A year is a strange thing. 365 point something days, during which the earth orbits the sun and spins on her axis, eventually bringing you back round to the same date. It can be bittersweet. Anniversaries and birthdays, markings of celebrations and of commemorations.

The first year after a bereavement is a time when it feels as though all the certainties, the solid anchor-points of life, have been ripped up and thrown away. No matter what you try, nothing feels right. You cannot get comfortable, as if comfort itself no longer exists. And when you do teeter on the brink of it, you jerk back, feeling guilty, uneasy and disconcerted by the sinking into an old normality that doesn’t really exist. Like that stomach-churning moment when you step off the final stair, and for a second, you believe there are more stairs and that you are about to fall, before you catch yourself, heart-pounding and filled with absurd fear. The Rev Richard Coles has a book coming out called “The Madness of Grief” detailing his journey through loss, and though it’s not a book I could read right now, the idea that somehow in that liminal time after bereavement we go into a kind of madness, resonates.

But the year thing, there’s truth in the old adage of time being a great healer. Cliche that it is, and one that should never be offered to a grieving person as a shortcut to actually sitting and being with them, it contains old wisdom. Each day you go through is a triumph; each sleepless night, a survival of that pain. The other week was the first anniversary of my mother’s death. She died in the first few days of the UK lock-down, and so much seems to have happened (and so little too, strangely) since then. The nights of excruciating insomnia, the endless rehashing of memories, the inevitable and (probably) unearned guilt, have begun to peter out finally. It’s unusual rather than the norm, for me to be sitting reading on the sofa at 2am, with a cat for company and a heated blanket for comfort, drinking herbal tea or hot milk. That year of mourning has given way to less raw, less immediate sorrow. Not gone away, no, but the sheer touched-on-the quick roar of grief has settled.

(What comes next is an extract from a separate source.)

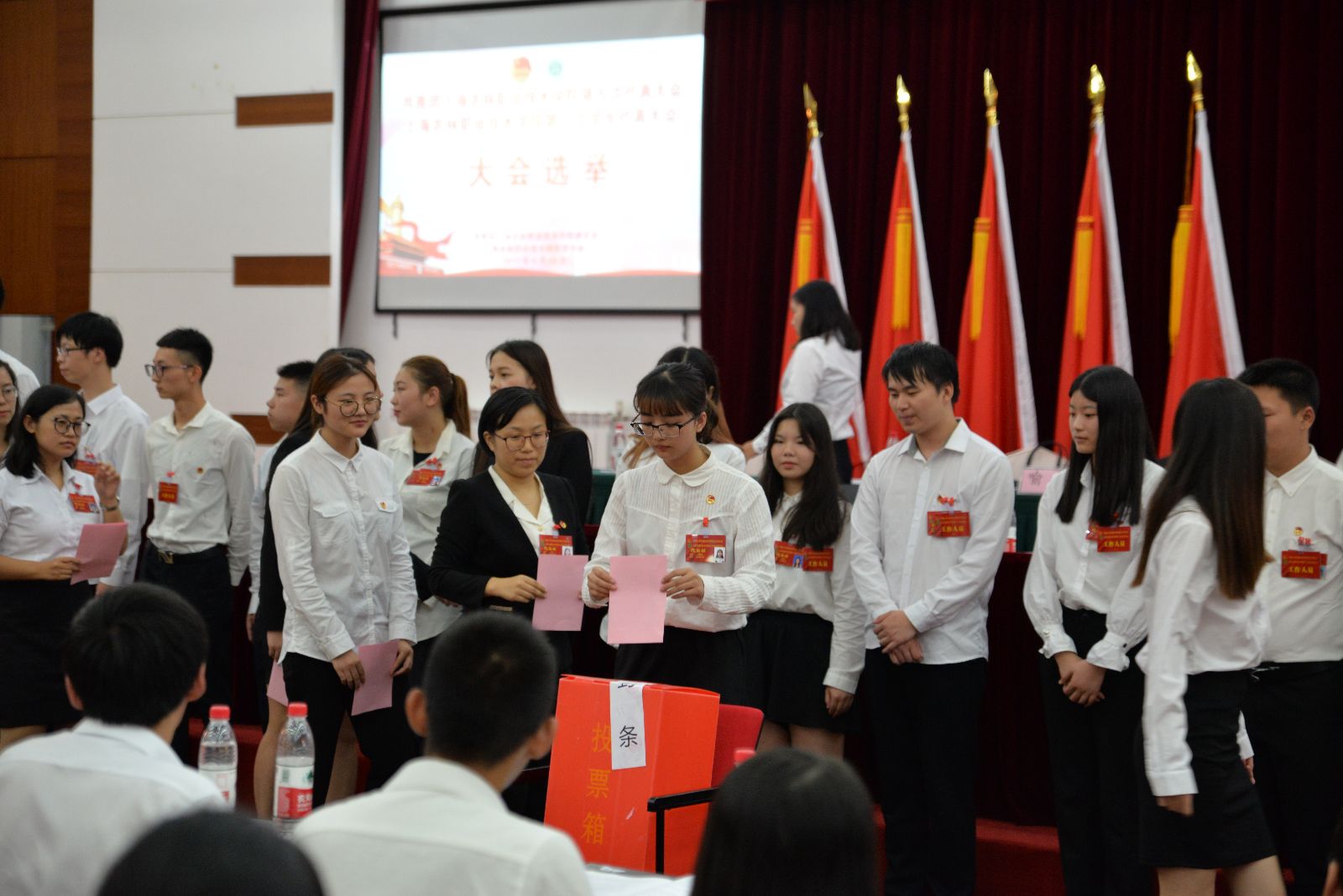当日下午,大会以无记名投票方式,选举产生了由冯靖、刘雅姗、李莹、邱晓梁、张楠、胡慧春、秦雪珠、盛少帆、康佳乐组成的共青团上海农林职业技术学院第五届委员会和朱丹、闫广文、杨泽东、吴嘉源、陈晓倩、罗松、侯溢、秦雪珠、倪楠楠、屠星辰、翟颖培组成的上海农林职业技术学院第八届学生委员会。

The Victorians partially codified their grief and their rituals and customs around mourning; deep mourning was worn for a certain period of time, usually a year, but sometimes longer, depending on the closeness of the connection. Sombre colours were then allowed, in varying degrees. I remember a colleague speaking of a friend who had lost her husband in his 30s, of how she wished she could use some of those customs because after that first year, when others had begun to forget about her loss, she knew that the grief was still very much in the early stages. She wanted to BEGIN wearing mourning for her love, because only the shock of the loss was past and the real process of grieving was starting at a point when others expected her to begin dating again.

Grief is a journey we all travel along in our own unique ways; the completion of the first year after a death brings for many a subtle change. It can deepen the grief, but for me, I have felt a change. There is great sadness, but it feels different. I’m not sure how to explain it but there is a lightening of the burden of sorrow. It’s still one day at a time but there are more good days than bad ones and I am grateful for that.